What I actually learned #

A few things that stuck with me and that I would not have internalized from reading sglang source.

Paged KV is mostly an allocator problem. The L3 kernel change is real but small. The bulk of paged KV is bookkeeping: who owns which blocks, when to free them, how to gather a block_table into a flat tensor the kernel can index. Once L2’s allocator exists, L3 feels mechanical.

Continuous batching is a scheduling decision, not a kernel feature. The kernels do not know about batching; they take whatever batch you hand them. The scheduler decides every step whether to admit a new prefill, continue decoding, or evict — and the magic is that those decisions happen every step instead of once per request.

Incremental detokenization is harder than the model.
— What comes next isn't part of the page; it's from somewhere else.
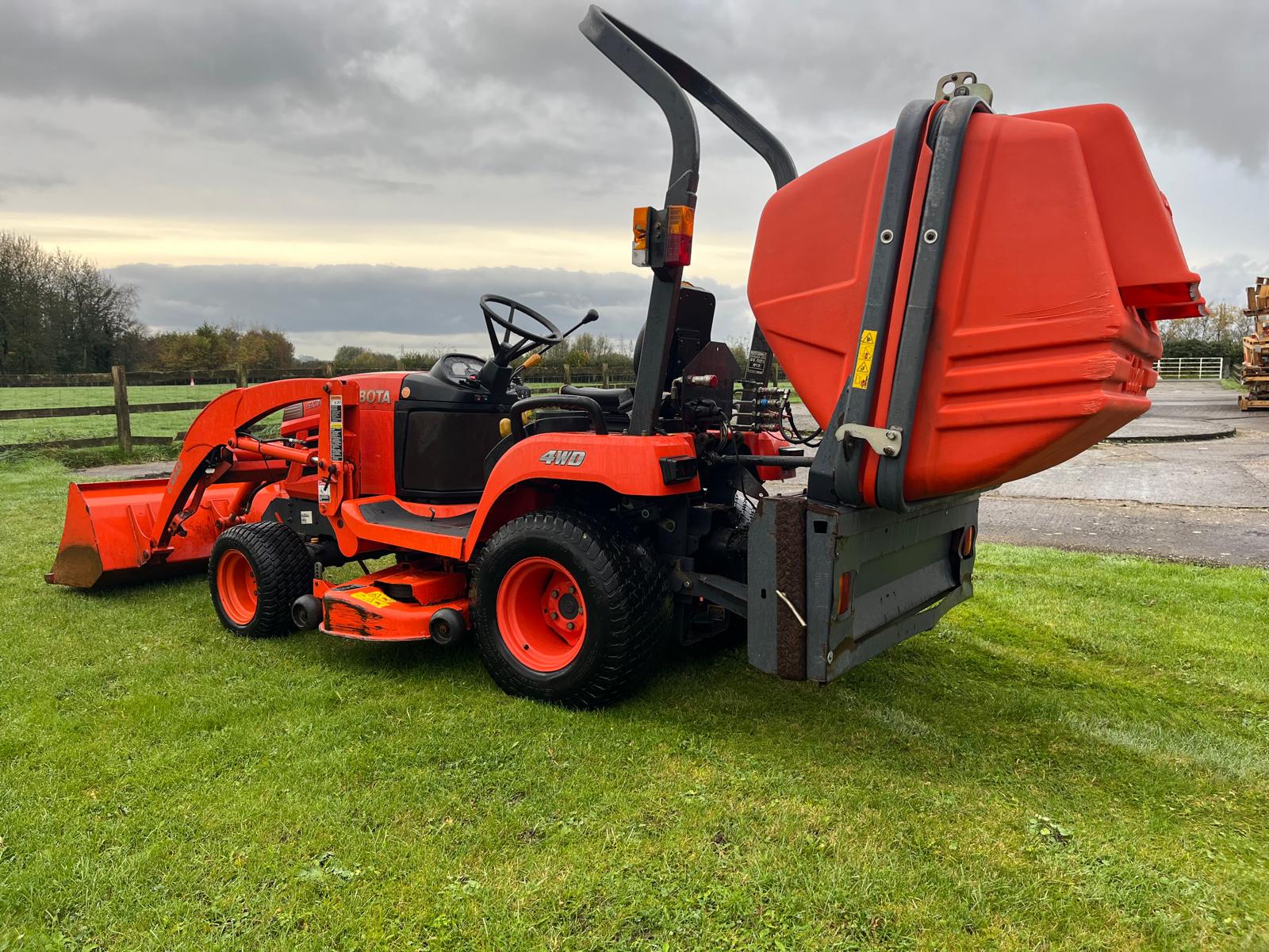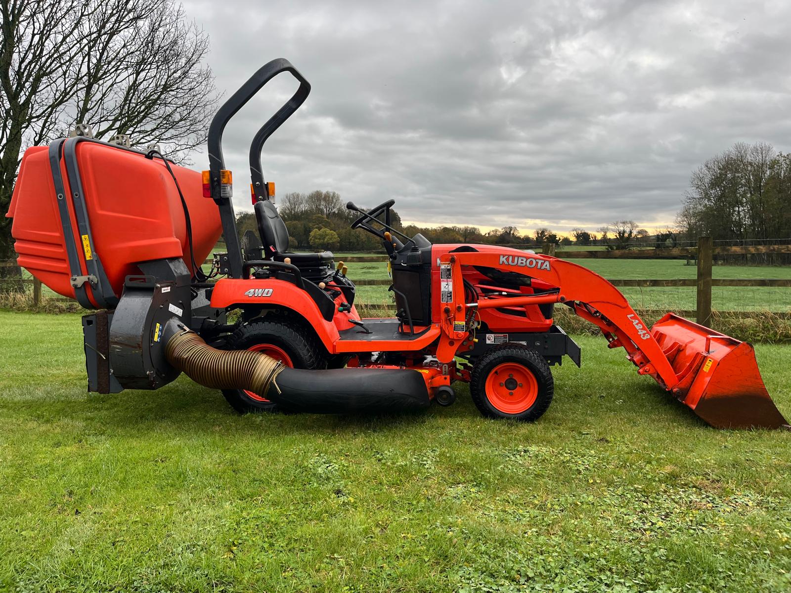 Attachments: LA243 Loader. RCK48 Side Discharge Deck. GCD600BX Collector.

L6 is the shortest lesson and the one I burned the most time on. BPE has no clean one-token-to-one-piece-of-text mapping, so you keep a sliding window of recent tokens, detok the window, and diff against the previous one. Get the window size wrong and you split a UTF-8 codepoint, and the stream starts emitting \ufffd.

The HTTP server is mostly cooperative queueing. Once the engine exists, the “server” is a thread that drains a request queue and an asyncio.Queue per request for streaming output. The interesting design choice is where the event loop lives, not what the routes look like.
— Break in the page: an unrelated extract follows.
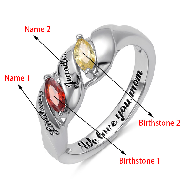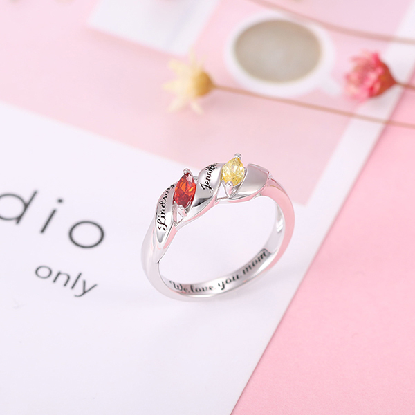 Cherish your loved ones and family with this elegant ring decorated with horse eye birthstone. You can design it with your choice of 2 Birthstones, engraving 2 names and a special date or phrase inside the ring band. Give her a special day with this ring as a gift. It will be a big surprise! Let your love truly shine with this stunning ring for her.

Prefix caching is refcounting and not just a tree. The radix tree is the obvious part; the part that took longer to internalize is that it only works because every cached block carries a refcount the scheduler bumps and drops at exactly the right moments (admit, finish, evict). Get the refcounting wrong and you either leak blocks or free one another request is still reading.
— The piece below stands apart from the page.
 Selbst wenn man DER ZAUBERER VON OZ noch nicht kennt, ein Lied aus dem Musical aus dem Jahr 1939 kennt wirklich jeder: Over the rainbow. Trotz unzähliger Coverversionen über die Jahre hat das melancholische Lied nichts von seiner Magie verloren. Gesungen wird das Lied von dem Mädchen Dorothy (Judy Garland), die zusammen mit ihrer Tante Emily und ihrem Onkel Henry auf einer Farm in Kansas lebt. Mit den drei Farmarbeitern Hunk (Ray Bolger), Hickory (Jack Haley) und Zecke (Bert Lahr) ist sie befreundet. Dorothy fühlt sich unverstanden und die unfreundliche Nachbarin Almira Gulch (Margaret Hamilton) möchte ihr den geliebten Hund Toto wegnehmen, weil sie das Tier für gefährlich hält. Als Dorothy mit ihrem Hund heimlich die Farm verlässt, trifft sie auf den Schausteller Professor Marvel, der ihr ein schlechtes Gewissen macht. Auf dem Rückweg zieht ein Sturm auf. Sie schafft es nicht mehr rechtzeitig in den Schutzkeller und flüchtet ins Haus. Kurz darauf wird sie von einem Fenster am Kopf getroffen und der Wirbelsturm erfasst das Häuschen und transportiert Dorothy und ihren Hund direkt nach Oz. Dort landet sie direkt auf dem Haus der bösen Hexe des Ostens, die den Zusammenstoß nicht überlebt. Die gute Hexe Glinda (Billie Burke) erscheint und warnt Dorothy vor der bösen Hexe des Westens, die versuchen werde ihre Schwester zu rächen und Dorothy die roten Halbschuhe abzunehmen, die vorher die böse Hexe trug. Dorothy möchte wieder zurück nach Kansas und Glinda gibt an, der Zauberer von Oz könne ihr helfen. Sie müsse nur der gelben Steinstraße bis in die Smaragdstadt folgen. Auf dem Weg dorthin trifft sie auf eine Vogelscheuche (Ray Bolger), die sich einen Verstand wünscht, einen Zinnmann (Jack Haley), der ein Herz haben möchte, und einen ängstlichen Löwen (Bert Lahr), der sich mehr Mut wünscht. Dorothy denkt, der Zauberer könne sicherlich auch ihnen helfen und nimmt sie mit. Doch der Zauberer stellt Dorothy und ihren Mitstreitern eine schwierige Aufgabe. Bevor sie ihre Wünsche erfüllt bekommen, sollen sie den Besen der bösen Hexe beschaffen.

On using an agent to learn #

Each lesson started as a chat: ask the agent to explain a concept, probe and ask for a clearer explanation, then ask for a design and snippets. I wrote most of the code myself, with the agent for cross-referencing real sglang and vLLM source when I got stuck. The lesson HTML in docs/ is a cleaned-up writeup of each session, including the Q&A blocks and a “pitfalls” / “debug log” section of bugs we actually hit — those are the parts most worth reading.

This is the same loop as my CT scan post: the agent collapses the discovery loop, but the only way to actually learn the material is to refuse the agent’s offer to just write the thing for you. Build the smallest version yourself; let the agent explain and review.

Where to start #

If you want to read: the lesson site is here.

If you want to build: clone mini_sglang, uv sync, and run python -m scripts.l1_smoke. Then start at L1 and delete code until you can put it back yourself.